Die Frau schaltete nun die Rechts­anwalts­kanzlei Juest + Oprecht ein. Die Bank lenkte ein und entließ die Frau aus dem Vertrag. Rechts­anwalt Achim Tiffe will nun aber mehr. Der Vertrag sei wegen sittenwid­rig über­höhter Zinsen nichtig und die Bank wegen der falschen Auskunft zur Rest­schuld­versicherung schaden­ersatz­pflichtig, erklärt er seine Sicht der Rechts­lage. Außerdem sei die Vertrags­klausel unwirk­sam, wonach sich ein Vertrag nach Ende der Zins­bindung auto­matisch verlängere. Die Bank erklärte auf Anfrage: Die Kundin habe auto­matisiert ein Angebot für die Verlängerung des Kredits erhalten und sich nicht recht­zeitig zurück­gemeldet. Sie habe sie aus dem Vertrag entlassen, bevor sich Rechts­anwalt Tiffe bei ihr gemeldet habe. Über die Erkrankung 2018 habe das Unternehmen keine Informationen. Die Kreditnehmerin könne aber den Schaden nach­träglich melden. Im übrigen handele es sich nicht um einen Stan­dard-Immobilien­kredit, sondern um eine Misch­finanzierung mit Beleihung jenseits des Immobilien­werts und hohem Ausfall­risiko.

Ein neues „Bündnis gegen Wucher“

Das Institut für Finanz­dienst­leistungen (iff) und die Verbraucherzentralen Hamburg und Sachsen haben im Januar das „Bündnis gegen Wucher“ aus der Taufe gehoben. Die Verbraucherschützer wollen eine Verschärfung der Bewertung von Kredit­verträgen erreichen. Die Gerichte berück­sichtigen Extras wie die Rest­schuld­versicherung bisher nicht, wenn sie prüfen, ob ein Kredit sittenwid­rig über­teuert ist. Sie vergleichen allein die Zins­sätze. Das Bündnis will den Wucherpara­graphen auch wegen Rest­schuld­versicherungen und unter Berück­sichtigung von Provisionen zur Geltung bringen. „Die Gerichte sehen inzwischen wohl­wollend auf diese Kampagne“, berichtet Rechts­anwalt Udo Reifner. Danach wären insbesondere viele Kredite der Targo­bank und der Santander Consumer Bank wegen Wuchers nichtig.

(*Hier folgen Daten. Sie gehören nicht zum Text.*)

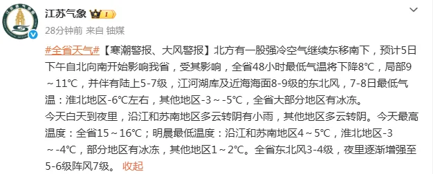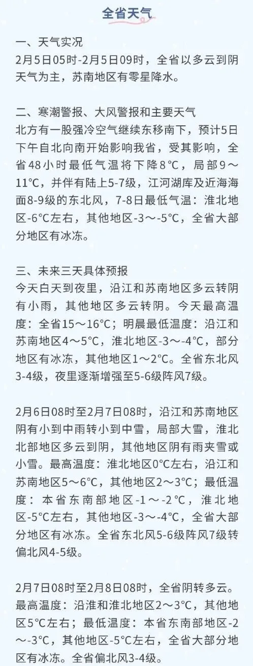 今天白天到夜里多云转阴,早晨部分地区有雾,东北风5级阵风6到7级,气温1℃到16℃。6日阴,有时有小雪,东北风5级阵风6到7级,气温-4℃到2℃,有冰冻。【寒潮警报、大风警报】北方有一股强冷空气继续东移南下,预计5日下午自北向南开始影响我省,受其影响,全省48小时最低气温将下降8℃,局部9~11℃,并伴有陆上5-7级,江河湖库及近海海面8-9级的东北风,7-8日最低气温:淮北地区-6℃左右,其他地区-3~-5℃,全省大部分地区有冰冻。
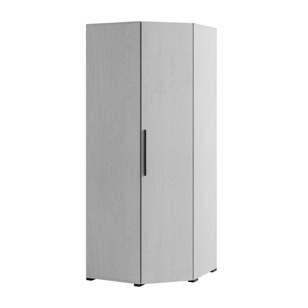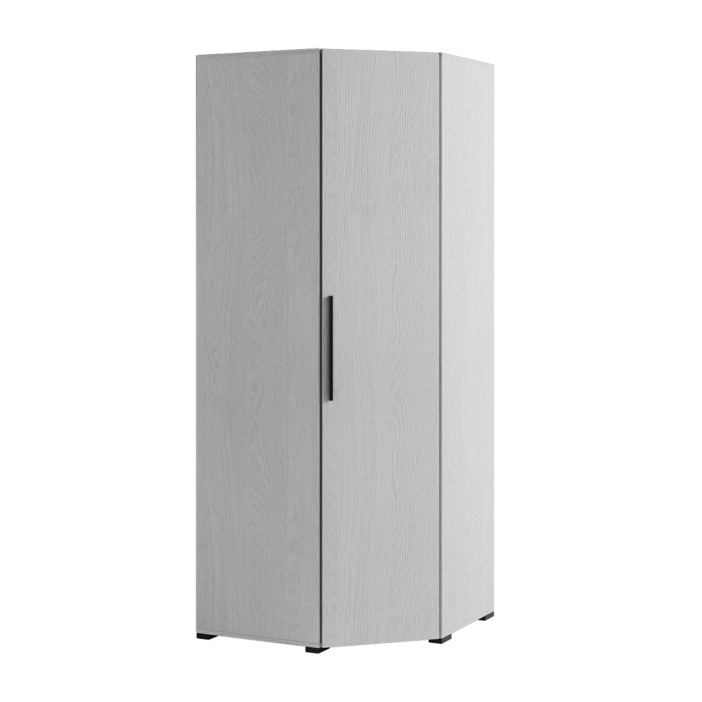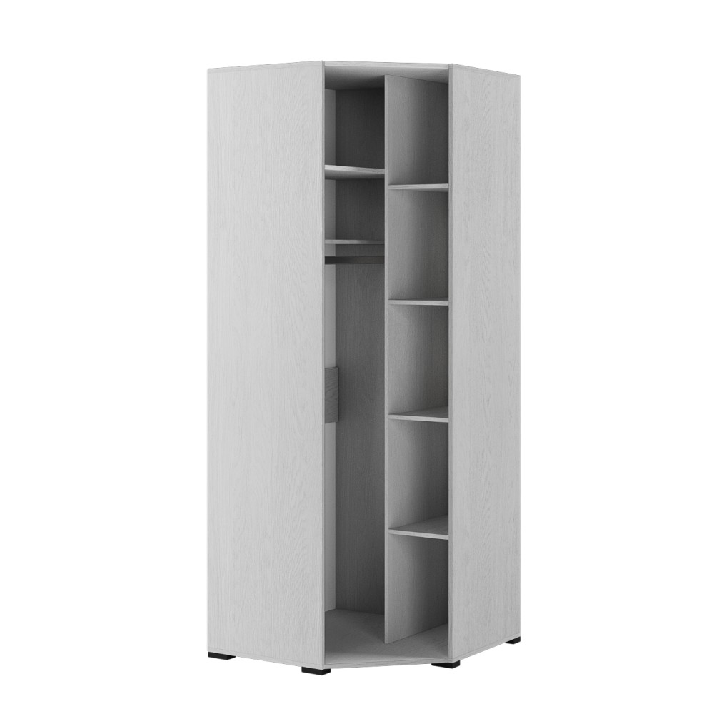 Угловой шкаф незаменим в спальной комнате и по функциональности не уступает шкафам для одежды другой конструкции. Угловой шкаф Модена достаточно вместителен благодаря своему наполнению: комплект полок и продольная штанга пригодятся для хранения вещей на плечиках, деликатной одежды и одежды в сложенном виде. Угловая конструкция модуля позволит занять свободный угол в комнате и организовать хранение рационально.
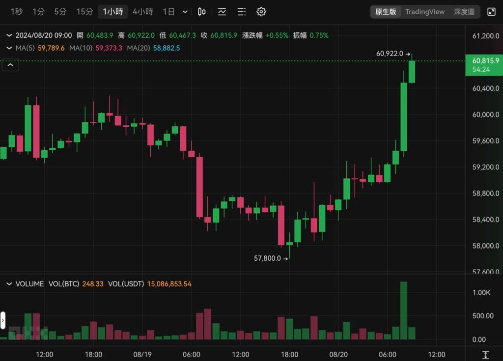 截稿前现报 60,815 美元,近 24 小时上涨 4.19%,目前来看似乎还没有出现快速下跌的假突破现象。
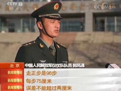 中国人民解放军仪仗队队员郭凤通:我们这次任务,走正步是96步,每步是75厘米,误差不能超过两厘米。为了高标准完成这次任务,我和我的战友每个动作都要做到精准无误。我们想了很多办法,比如说我们操场上有步幅线,有的时候进行个人体会、分组练习,和方队合成。
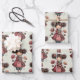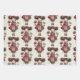 Wrapping paper sheets with a cute retro image featuring a whimsical girl with rosy cheeks and flowers in her hair. Carrying a green frog doll.

Zum Targo­bank-Ketten­kredit­vertrag:
Land­gericht Hamburg
, Urteil vom 29.12.2017
Aktenzeichen: 307 O 142/16
Verbraucher­anwalt: Achim Tiffe von Juest + Oprecht, Hamburg
Einzelheiten zum Fall

Zum Hanseatic Bank-Kredit­vertrag:
Land­gericht Hamburg
, Urteil vom 29.12.2017
Aktenzeichen: 307 O 142/16
Verbraucher­anwalt: Achim Tiffe von Juest + Oprecht, Hamburg
Einzelheiten zum Fall

Zum Credit Euro Bank-Kredit­vertrag:
Amts­gericht Frank­furt am Main
, Urteil vom 13.06.2017
Aktenzeichen: 30 C 62/17 (20)
Verbraucher­anwalt: Dirk Dametz, Frankfurt am Main

Zum EasyCredit-Kredit­vertrag:
Land­gericht Freiburg
, Urteil vom 02.04.2019
Aktenzeichen: 5 O 80/18
Ober­landes­gericht Karls­ruhe, (Hinweis-)Beschluss vom 27.01.2020
Aktenzeichen: 14 U 67/19
Verbraucher­anwalt: Mayer & Mayer Rechtsanwälte, Freiburg
Einzelheiten zum Fall
Zum Targo­bank-Raten­kredit­vertrag:
Land­gericht Ravens­burg
, Urteil vom 02.04.2019
Aktenzeichen: 2 O 335/18
Verbraucher­anwältinnen: Rechtsanwältin Danja Rimmele, Tettnang
Zu Verbraucher­kredit­verträgen allgemein:
Europäischer Gerichts­hof, Urteil vom 26.05.2020
Aktenzeichen: C-66/19
Verbraucher­anwälte: Gansel Rechtsanwälte, Berlin

Diese Meldung ist erst­mals im März 2018 auf test.de erschienen. Sie wurde seitdem regel­mäßig ergänzt und aktualisiert, zuletzt am 29. Juni 2020.